Computational Structural Biology @ Biozentrum, University of Basel
Working at the interface of protein structural bioinformatics and deep learning, we develop efficient methods to represent, explore, understand and engineer proteins. By bringing biochemical context to deep learning models, we study variability in protein structures and interactions, and adapt learned representations from foundation models to capture remote functional associations between biomolecules.
projects
Stoic
Fast and accurate protein stoichiometry prediction
Protein complexes are central to cellular function, but experimental determination of their structures remains challenging. Structure prediction methods require prior knowledge of stoichiometry - the number of copies of each protein entity within a complex. Current approaches rely on computationally expensive brute-force methods that run structure prediction on multiple stoichiometry combinations, often with limited accuracy. We introduce Stoic, a method that uses protein language model embeddings to predict protein complex stoichiometry. Our approach learns to identify interface residues that participate in protein-protein interactions, rather than relying on global sequence features. By integrating these interface-aware embeddings into a graph neural network, Stoic achieves fast and accurate stoichiometry prediction for both homomeric and heteromeric targets.
TEA Leaves
Applying TEA to de novo protein design
De novo protein design expands the functional protein universe beyond natural evolution, offering vast therapeutic and industrial potential. Monte Carlo sampling in protein design is under-explored due to the typically long simulation times required or prohibitive time requirements of current structure prediction oracles. Here we make use of a 20-letter structure-inspired alphabet derived from protein language model embeddings to score random mutagenesis-based Metropolis sampling of amino acid sequences. This facilitates fast template-guided and unconditional design, generating sequences that satisfy in silico designability criteria without known homologues. Ultimately, this unlocks a new path to fast and de novo protein design.
Runs N' Poses
A benchmark for protein-ligand co-folding prediction
Deep learning has driven major breakthroughs in protein structure prediction, however the next critical advance is accurately predicting how proteins interact with other molecules, especially small molecule ligands, to enable real-world applications such as drug discovery and design. Recent deep learning all-atom methods have been built to address this challenge, but evaluating their performance on the prediction of protein-ligand complexes has been inconclusive due to the lack of relevant benchmarking datasets. Here we present a comprehensive evaluation of four leading all-atom cofolding deep learning methods using our newly introduced benchmark dataset Runs N' Poses, which comprises 2,600 high-resolution protein-ligand systems released after the training cutoff used by these methods. We demonstrate that current co-folding approaches largely memorise ligand poses from their training data, hindering their use for de novo drug design.

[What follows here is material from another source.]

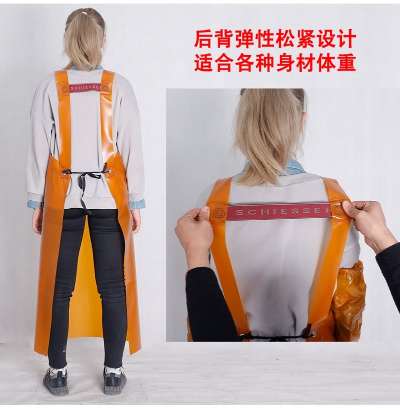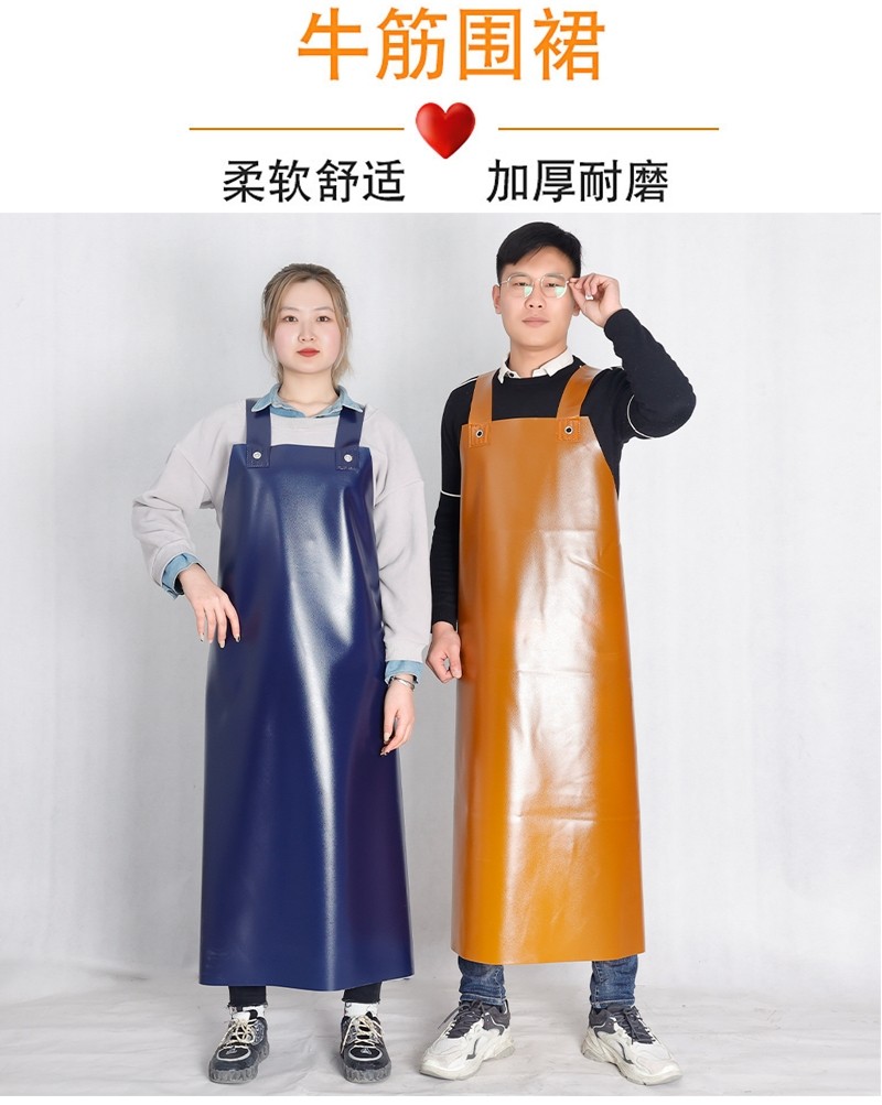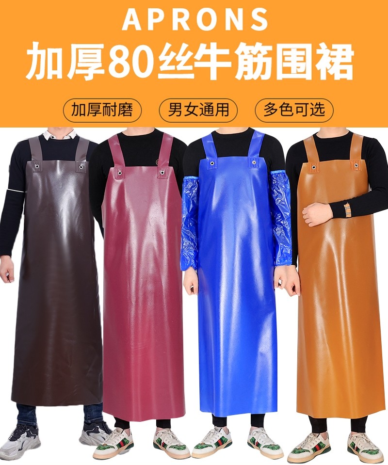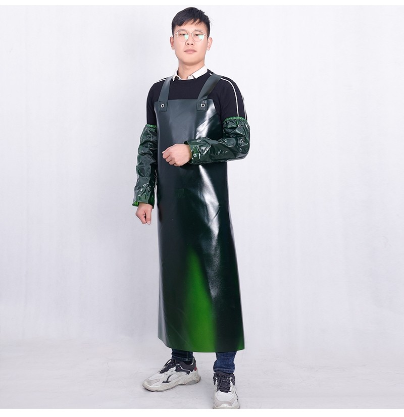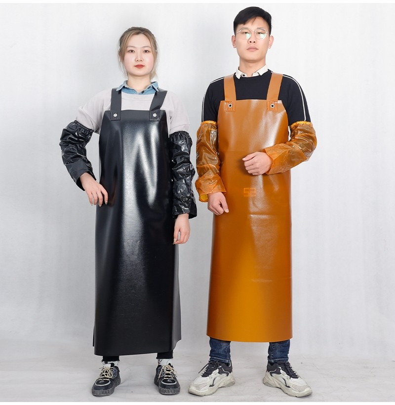Thickened Beef Tendon Apron, Waterproof, Oil-Resistant, Acid-Alkali-Resistant, Wear-Resistant, Suitable for Stone Handling, Butchering, Chemical Work, and Aquatic Product Processing, with Sleeves

TEA (The Embedded Alphabet)
Rewriting protein sequences using language models
Detecting remote homology with speed and sensitivity is crucial for tasks like function annotation and structure prediction. We introduce a novel approach using contrastive learning to convert protein language model embeddings into a new 20-letter alphabet, TEA, enabling highly efficient large-scale protein homology searches. Searching with our alphabet performs on par with and complements structure-based methods without requiring any structural information, and with the speed of sequence search. Ultimately, we bring the exciting advances in protein language model representation learning to the plethora of sequence bioinformatics algorithms developed over the past century, offering a powerful new tool for biological discovery.
PLINDER
The protein-ligand interactions dataset and evaluation resource
Protein-ligand interactions (PLI) are foundational to small molecule drug design. With computational methods striving towards experimental accuracy, there is a critical demand for a well-curated and diverse PLI dataset. Existing datasets are often limited in size and diversity, and commonly used evaluation sets suffer from training information leakage, hindering the realistic assessment of method generalization capabilities. To address these shortcomings, we present PLINDER, the largest and most annotated dataset to date, comprising 449,383 PLI systems, each with over 500 annotations, similarity metrics at protein, pocket, interaction and ligand levels, and paired unbound (apo) and predicted structures. We propose an approach to generate training and evaluation splits that minimizes task-specific leakage and maximizes test set quality, and compare the resulting performance of DiffDock when retrained with different kinds of splits.